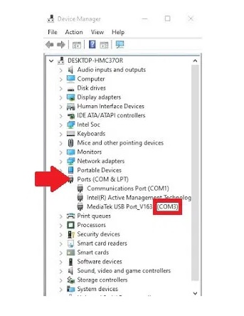 - Open Device Manager > Check the COMPORT Number.
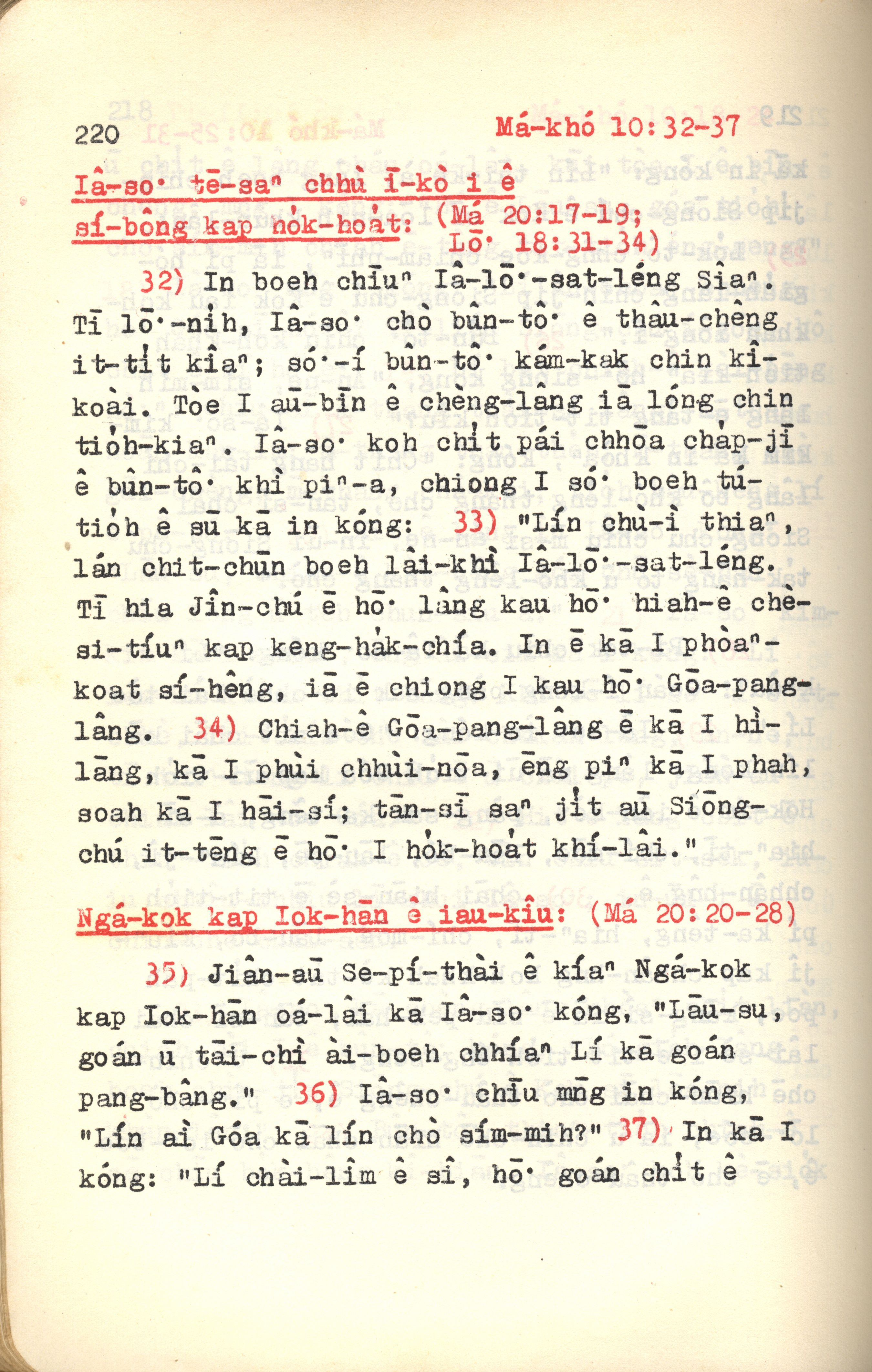 1972年新约红皮圣经 马可福音 10 章 32 节到 10 章 37 节
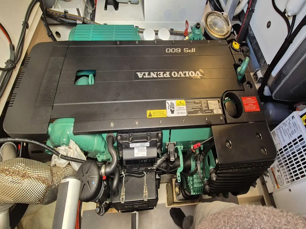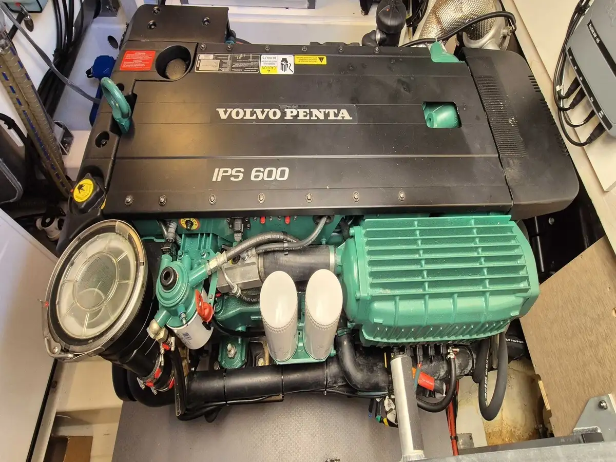 Motorisation 2 x Volvo IPS 600 avec joystick – seulement 435 heures moteur – offrant performances, sécurité et une manœuvrabilité optimale.
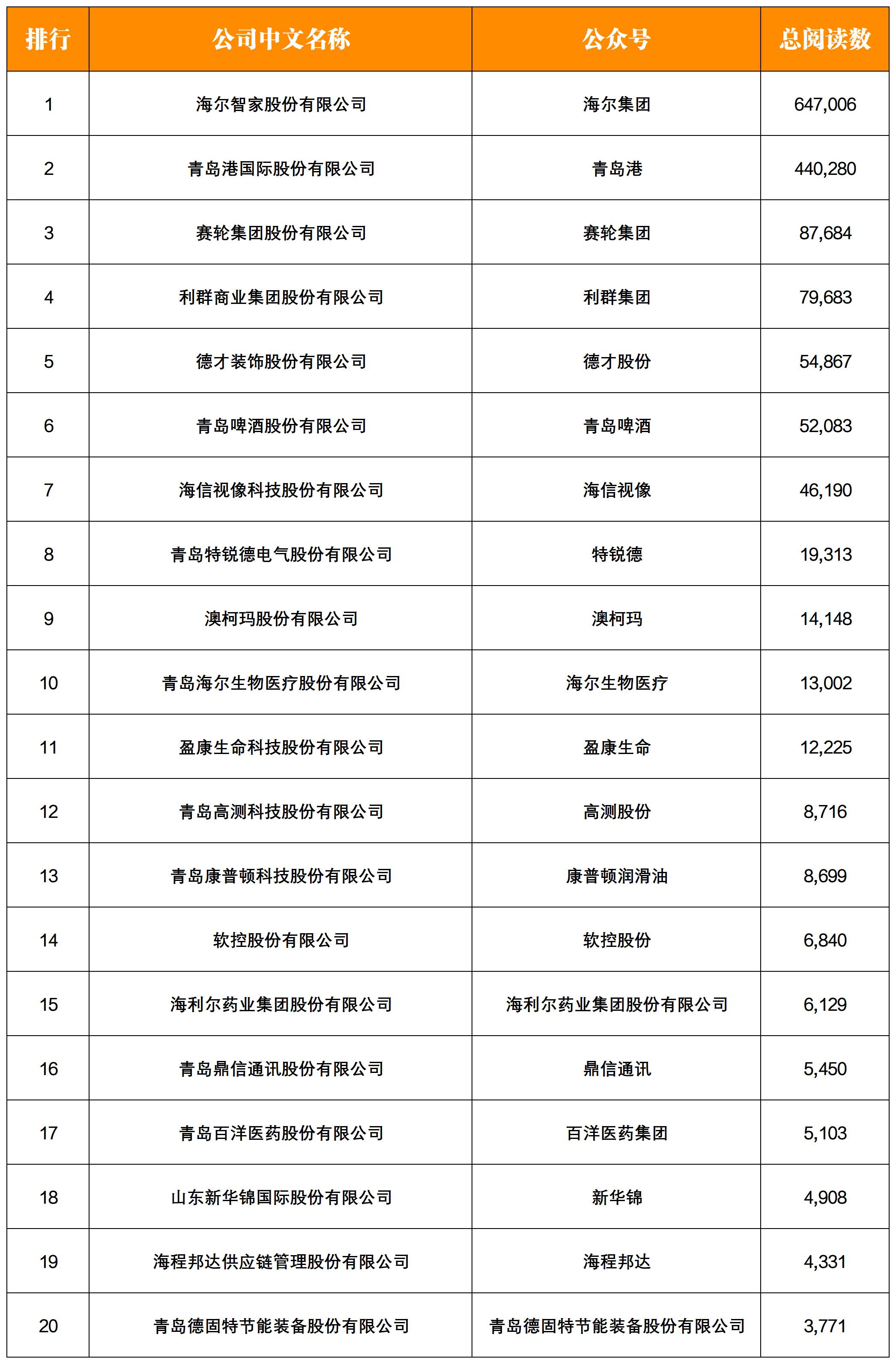 NO.2| 權威發布:青島上市企業微信影響力月度排行榜TOP20

_ _ _ _ _

YOUR OBJECTIVE:
Reproduce the listing word for word, but keep the pictures out of it.

THE COMPLETED TASK:
 - Open Device Manager > Check the COMPORT Number.
 1972年新约红皮圣经 马可福音 10 章 32 节到 10 章 37 节
 Motorisation 2 x Volvo IPS 600 avec joystick – seulement 435 heures moteur – offrant performances, sécurité et une manœuvrabilité optimale.
 NO.2| 權威發布:青島上市企業微信影響力月度排行榜TOP20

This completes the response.